She was absolutely flabbergasted, but I had touched her pride.
"I apologize if I have seemed rude," she said at last. "I—suppose you have the right really—only—" And her whole slender body quivered with a wave of rebellion.
"Let us say no more about the matter, but go into lunch, only you will find that I am not such a weakling, as you no doubt supposed you would have to deal with." I hobbled up from my chair, Burton discreetly not having entered the room. Alathea gave me my crutch, and we went in to the dining-room.
While the servants were in there I led the conversation upon the war news, and ordinary subjects, and she played the game, but when we were alone with the coffee, I filled her glass with Benedictine, which she had refused when Burton handed the liqueurs. She had taken no wine at all.

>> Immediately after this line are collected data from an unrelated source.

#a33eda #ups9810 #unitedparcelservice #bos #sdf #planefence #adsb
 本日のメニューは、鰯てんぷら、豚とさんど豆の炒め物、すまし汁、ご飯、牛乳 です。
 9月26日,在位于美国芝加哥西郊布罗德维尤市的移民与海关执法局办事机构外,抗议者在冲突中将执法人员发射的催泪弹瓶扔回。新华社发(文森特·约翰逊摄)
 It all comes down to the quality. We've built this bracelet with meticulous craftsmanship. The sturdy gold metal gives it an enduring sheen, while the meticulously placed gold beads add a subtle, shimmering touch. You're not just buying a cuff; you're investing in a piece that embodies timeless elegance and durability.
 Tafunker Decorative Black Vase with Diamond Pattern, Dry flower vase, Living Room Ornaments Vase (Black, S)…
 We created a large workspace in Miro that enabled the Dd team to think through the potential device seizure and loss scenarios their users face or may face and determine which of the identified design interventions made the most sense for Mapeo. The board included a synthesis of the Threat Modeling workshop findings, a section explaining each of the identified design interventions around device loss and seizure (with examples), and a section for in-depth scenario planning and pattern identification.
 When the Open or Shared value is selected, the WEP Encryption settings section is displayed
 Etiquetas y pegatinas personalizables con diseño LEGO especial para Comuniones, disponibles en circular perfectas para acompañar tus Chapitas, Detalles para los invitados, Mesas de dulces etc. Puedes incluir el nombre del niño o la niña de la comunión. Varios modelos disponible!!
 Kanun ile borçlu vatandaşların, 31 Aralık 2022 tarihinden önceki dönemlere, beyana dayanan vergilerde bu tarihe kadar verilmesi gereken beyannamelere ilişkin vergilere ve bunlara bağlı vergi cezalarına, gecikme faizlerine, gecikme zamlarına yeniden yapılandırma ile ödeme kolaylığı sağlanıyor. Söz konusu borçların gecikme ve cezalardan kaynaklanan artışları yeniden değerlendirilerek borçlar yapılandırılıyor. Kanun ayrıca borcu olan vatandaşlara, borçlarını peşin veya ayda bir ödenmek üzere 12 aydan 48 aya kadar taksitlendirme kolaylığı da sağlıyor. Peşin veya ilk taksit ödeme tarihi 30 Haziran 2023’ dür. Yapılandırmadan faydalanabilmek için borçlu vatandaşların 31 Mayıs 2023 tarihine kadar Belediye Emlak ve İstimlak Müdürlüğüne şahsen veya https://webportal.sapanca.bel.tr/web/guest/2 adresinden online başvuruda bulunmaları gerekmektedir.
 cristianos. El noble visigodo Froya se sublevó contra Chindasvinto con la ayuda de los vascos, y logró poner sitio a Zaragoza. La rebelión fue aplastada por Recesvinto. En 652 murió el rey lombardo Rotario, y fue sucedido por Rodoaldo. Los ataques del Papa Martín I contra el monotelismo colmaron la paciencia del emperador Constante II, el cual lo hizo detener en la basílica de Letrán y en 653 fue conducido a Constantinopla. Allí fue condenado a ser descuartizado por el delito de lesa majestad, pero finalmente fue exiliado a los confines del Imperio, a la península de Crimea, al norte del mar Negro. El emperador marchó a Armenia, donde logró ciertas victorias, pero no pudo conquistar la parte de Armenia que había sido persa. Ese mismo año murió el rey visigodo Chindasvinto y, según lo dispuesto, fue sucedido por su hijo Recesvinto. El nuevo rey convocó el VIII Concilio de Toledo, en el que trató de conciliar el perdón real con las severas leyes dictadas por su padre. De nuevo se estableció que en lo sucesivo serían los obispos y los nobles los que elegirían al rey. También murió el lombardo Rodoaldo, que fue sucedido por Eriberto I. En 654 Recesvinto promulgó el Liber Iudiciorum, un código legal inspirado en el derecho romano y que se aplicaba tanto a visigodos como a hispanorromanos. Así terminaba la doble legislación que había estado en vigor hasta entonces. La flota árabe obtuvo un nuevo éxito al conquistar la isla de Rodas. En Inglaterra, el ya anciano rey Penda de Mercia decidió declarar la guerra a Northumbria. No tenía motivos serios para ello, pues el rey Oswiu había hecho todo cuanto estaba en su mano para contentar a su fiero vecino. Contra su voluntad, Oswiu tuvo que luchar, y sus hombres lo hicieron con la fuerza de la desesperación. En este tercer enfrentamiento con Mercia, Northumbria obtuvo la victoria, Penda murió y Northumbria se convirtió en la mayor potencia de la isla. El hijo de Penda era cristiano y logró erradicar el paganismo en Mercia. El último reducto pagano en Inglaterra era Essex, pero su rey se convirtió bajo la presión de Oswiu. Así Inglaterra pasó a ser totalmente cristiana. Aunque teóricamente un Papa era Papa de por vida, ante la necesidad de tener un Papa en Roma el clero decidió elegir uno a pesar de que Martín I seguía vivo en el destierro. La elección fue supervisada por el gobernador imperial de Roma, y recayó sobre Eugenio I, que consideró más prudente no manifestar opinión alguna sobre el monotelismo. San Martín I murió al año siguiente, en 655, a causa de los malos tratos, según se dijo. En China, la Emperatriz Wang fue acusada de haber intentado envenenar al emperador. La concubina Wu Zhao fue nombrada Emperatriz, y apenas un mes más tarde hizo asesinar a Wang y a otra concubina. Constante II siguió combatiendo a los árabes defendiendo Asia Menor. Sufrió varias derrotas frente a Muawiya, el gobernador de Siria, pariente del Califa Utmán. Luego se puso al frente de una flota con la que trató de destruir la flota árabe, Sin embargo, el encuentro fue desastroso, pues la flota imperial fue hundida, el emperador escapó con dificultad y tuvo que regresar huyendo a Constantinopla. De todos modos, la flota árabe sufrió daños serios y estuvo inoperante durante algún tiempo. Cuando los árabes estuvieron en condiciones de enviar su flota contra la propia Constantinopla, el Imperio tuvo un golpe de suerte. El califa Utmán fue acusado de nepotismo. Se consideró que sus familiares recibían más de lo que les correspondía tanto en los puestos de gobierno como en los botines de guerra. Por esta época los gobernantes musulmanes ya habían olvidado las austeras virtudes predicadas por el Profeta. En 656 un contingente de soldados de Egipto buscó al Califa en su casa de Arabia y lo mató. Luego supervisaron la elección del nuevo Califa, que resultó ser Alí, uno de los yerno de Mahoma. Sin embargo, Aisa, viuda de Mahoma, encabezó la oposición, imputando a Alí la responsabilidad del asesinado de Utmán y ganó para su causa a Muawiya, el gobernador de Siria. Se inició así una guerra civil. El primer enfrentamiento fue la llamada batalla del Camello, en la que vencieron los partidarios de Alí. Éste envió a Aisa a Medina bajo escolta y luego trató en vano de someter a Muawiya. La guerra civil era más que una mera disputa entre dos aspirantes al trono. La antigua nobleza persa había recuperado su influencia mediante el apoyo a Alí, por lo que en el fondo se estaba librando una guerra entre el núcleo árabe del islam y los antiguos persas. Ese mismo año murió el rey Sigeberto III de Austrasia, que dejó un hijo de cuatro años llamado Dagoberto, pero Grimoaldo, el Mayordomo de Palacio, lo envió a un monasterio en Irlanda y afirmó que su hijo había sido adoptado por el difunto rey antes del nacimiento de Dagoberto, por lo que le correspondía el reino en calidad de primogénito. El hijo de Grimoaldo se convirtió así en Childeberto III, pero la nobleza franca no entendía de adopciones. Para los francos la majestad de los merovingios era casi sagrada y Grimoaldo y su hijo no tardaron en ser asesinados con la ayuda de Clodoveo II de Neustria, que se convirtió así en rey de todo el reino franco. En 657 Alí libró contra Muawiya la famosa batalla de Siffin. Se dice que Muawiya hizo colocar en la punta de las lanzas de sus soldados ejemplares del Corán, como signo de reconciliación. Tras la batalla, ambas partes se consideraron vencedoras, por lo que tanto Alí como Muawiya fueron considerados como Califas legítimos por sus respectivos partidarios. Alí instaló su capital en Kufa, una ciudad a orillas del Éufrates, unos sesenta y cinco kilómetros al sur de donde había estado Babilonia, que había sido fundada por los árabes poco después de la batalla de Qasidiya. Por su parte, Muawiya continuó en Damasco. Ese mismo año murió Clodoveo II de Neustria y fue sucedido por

"Now drink whatever toast you like," I told her. "I am going to drink one to the time when you don't hate me so much and we can have a little quiet friendship and peace."
She sipped her glass, and her eyes became inscrutable. What she was thinking of I do not know.
I find myself watching those eyes all the time. Every reflection passes through them, they are as expressive of all shades of emotion as the eyes of a cat, though the beautiful Madonna tenderness I have never seen again since the day when she held the child in her arms, and I was rude to her.
When we went back into the salon I knew that I was passionately in love with her. Her restiveness is absolutely alluring, and excites all my hunting instinct. She looks quite lovely, and the subtle magnetism which drew me the first days, even when she appeared poor and shabby, and red of hand, is stronger than ever—I felt that I wanted to crush her in my arms and devour her, the blood thumped in my temples, I had to use every atom of my will with myself, and lay back in my chair and closed my eye.
She went straight to the piano and began to play. It seemed as though she were talking, telling me of the passion in her soul. She played weird Russian dances and crashed agonizing chords, then she played laments, and finally a soft and soothing thing of McDowell's, and every note had found an echo in me, and I had followed, it almost seemed, all her pain.
"You play divinely, child," I said, when she had finished. "I am going to rest now, will you give me some tea later on?"